M. André is having a particularly bad time of it just now, what with his father’s death, being fined at gunpoint and deciding to leave Coq. The contrast between him and Boudart couldn’t be more pronounced. André’s nervous, restless, yet unable to focus his energies. He’s idealistic to a fault, and the realities of Congolese life now (the disintegration, the lack of law and order, the exploitation) are making it more and more impossible for him to stay here. Something is eating away inside the man, and it’s difficult for his friends and acquaintances to watch. After he and his wife left the other night (around 10:30 which was quite early for a bunch that chatted non-stop till 12:30) Michejda and Guillaume commented on André. Michejda mentioned his forthrightness, his honesty, his inability to act in any manner except the direct one.
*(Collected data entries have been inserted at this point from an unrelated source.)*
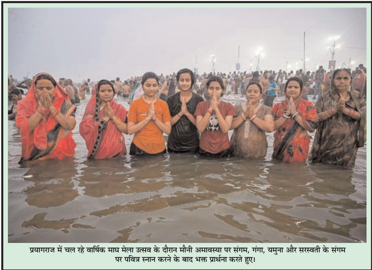
प्रयागराज में चल रहे वार्षिक माघ मेला उत्सव के दौरान मौनी अमावस्या पर संगम, गंगा, यमुना और सरस्वती के संगम पर पवित्र स्नान करने के बाद भक्त प्रार्थना करते हुए।

इधर लालू को लेकर हाई कोर्ट ने पिछली सुनवाई में बड़ी बात कही। अदालत ने कहा कि कोर्ट की बिना जानकारी में उन्हें एम्स, दिल्ली कैसे भेज दिया गया। सबसे पहले उनकी मेडिकल रिपोर्ट कोर्ट में पेश की जानी थी। उनको क्या बीमारी है, यह देखने के बाद ही मेडिकल बोर्ड के दिल्ली भेजने के फैसले की परख की जा सकती है। रिम्म डायरेक्टर के कोर्ट में मेडिकल रिपोर्ट नहीं दाखिल करने ने अदालत ने शौ-कांज नोटिस भी जारी किया है।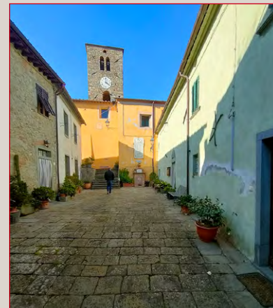
Valleriana, piazza Aramo.

Inviteremo tutti i cittadini, le associazioni e gli appassionati di storia e territorio a partecipare: insieme possiamo contribuire a costruire una Valleriana più coesa, viva e consapevole, dove ogni piazza e ogni castello diventa punto di incontro, conoscenza e condivisione. Perché la Valleriana non sia solo un'area da visitare, ma in primo luogo un patrimonio da vivere.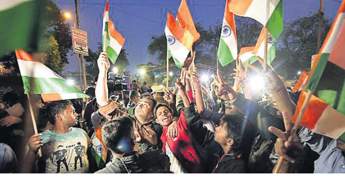
ଫାଶୀ ବେଳେ ଜେଲ ବାହାରେ ଉତ୍ସବ ମନାଇଛନ୍ତି ଲୋକେ ।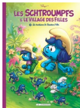
La Trahison de Bouton d'Or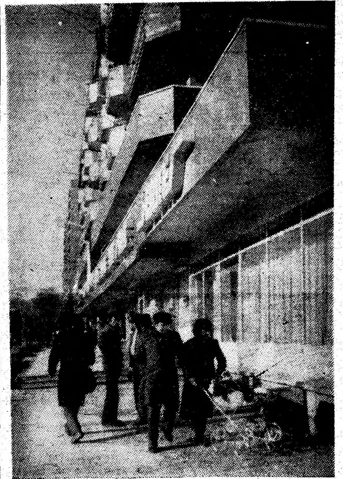
Animație pe bulevardul Petroșaniului.

Bakusu Bar, Coquilhatville

Boudart and I talked about André after lunch yesterday. Boudart feels that this is no longer a country where one can act directly. He’s basically too kind (in a rather tough, cruel way) to scorn André for his failure to adapt to the now-reality of Congo living, but feels that direct action is something one can indulge only from a position of power which Belgian colons no longer possess.

I find myself trying to understand all this from a privileged position. I suspect André has not told even these, his closest friends remaining in Coq, that he has made up his mind to pull out. They think he’s suffering only from the strain on his bruised idealism whereas I know that he’s facing the worries of how to extricate himself and his investment, where and how to start over again, wondering probably if he can start again. The people who came down here and carved something out of nothing worked HARD. Is he going to do it again? Most people here seem to feel that his investment in the place chains him to Coq. But I know he’s decided it doesn’t. I think André has a bourgeois mind, not that there’s anything wrong with that in itself, but it’s not the sort of thing that goes here anymore.
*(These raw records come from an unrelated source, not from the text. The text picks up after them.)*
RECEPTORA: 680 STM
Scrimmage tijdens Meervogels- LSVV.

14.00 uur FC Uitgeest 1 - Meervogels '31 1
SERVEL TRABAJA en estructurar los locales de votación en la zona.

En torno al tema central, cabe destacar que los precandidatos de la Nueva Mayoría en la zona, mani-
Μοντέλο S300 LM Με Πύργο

Boudart’s a contrast. In reference to a Clark Gable Western shown at the UN Club, he said that was the sort of life he had always wanted to live. To be where a man was truly free, surviving as a result of his mind and his muscle. Ah, the times of the bandits and the sheriffs! I asked him which he would have chosen to be. He said it was a relevant question, but he never answered it. I suspect Boudart would have been a bandit.
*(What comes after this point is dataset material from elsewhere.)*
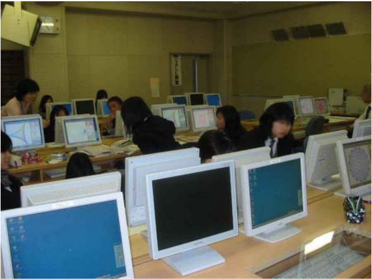
3校時_対角線でお絵かき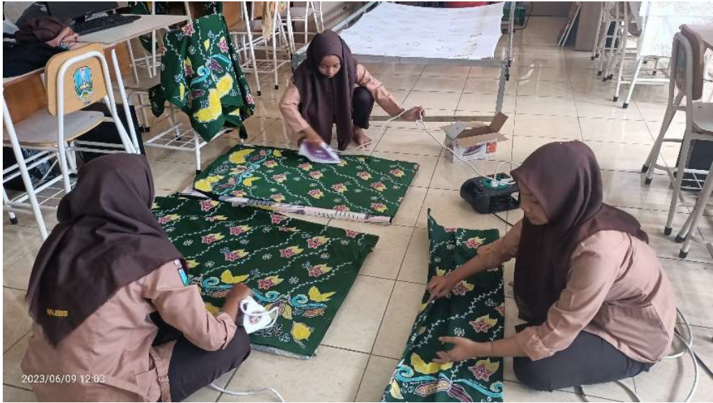
PROYEK BATIK PESANAN UNEJ

It takes a bit of explaining Boudart’s racial theories to demonstrate how he approaches trying to get along now. He explained them at lunch yesterday in terms of geometry. Axiom 1: There is a difference between the Congolese and the European. Therefore, Axiom 2: One must be stronger than the other. And, therefore, Axiom 3: One must be more intelligent than the other. Boudart considers himself more intelligent because he’s been to school, has learned how to think and knows some basic psychology.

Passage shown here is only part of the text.